Pictures stay out of the copy. Retype exactly, and only, the lines from the one containing "主辦單位:緣花園心靈學苑、優雅客新北台北橋創業空間。" through the end of the listing below.

(Recorded data):
——————————
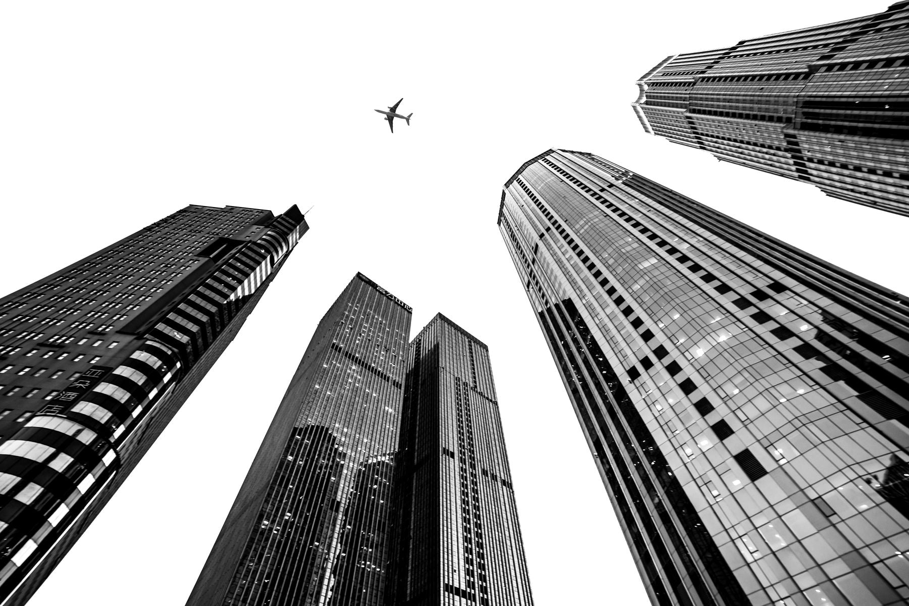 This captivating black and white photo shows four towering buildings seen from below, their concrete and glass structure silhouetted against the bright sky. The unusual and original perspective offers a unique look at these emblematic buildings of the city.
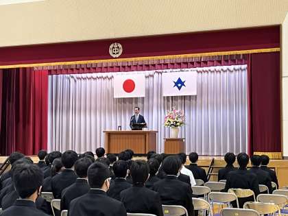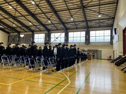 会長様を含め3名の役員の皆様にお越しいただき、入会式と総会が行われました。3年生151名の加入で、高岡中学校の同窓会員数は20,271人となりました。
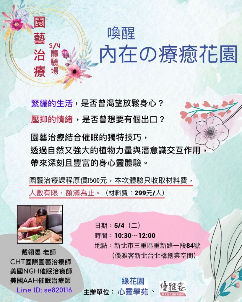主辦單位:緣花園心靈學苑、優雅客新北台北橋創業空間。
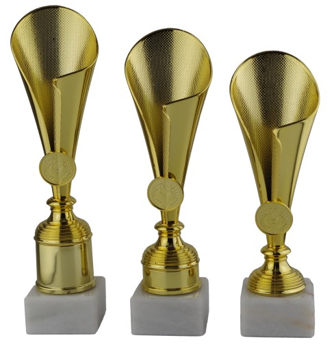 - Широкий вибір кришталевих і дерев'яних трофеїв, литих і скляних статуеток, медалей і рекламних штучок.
——————————
(Result for this exercise):
主辦單位:緣花園心靈學苑、優雅客新北台北橋創業空間。
 - Широкий вибір кришталевих і дерев'яних трофеїв, литих і скляних статуеток, медалей і рекламних штучок.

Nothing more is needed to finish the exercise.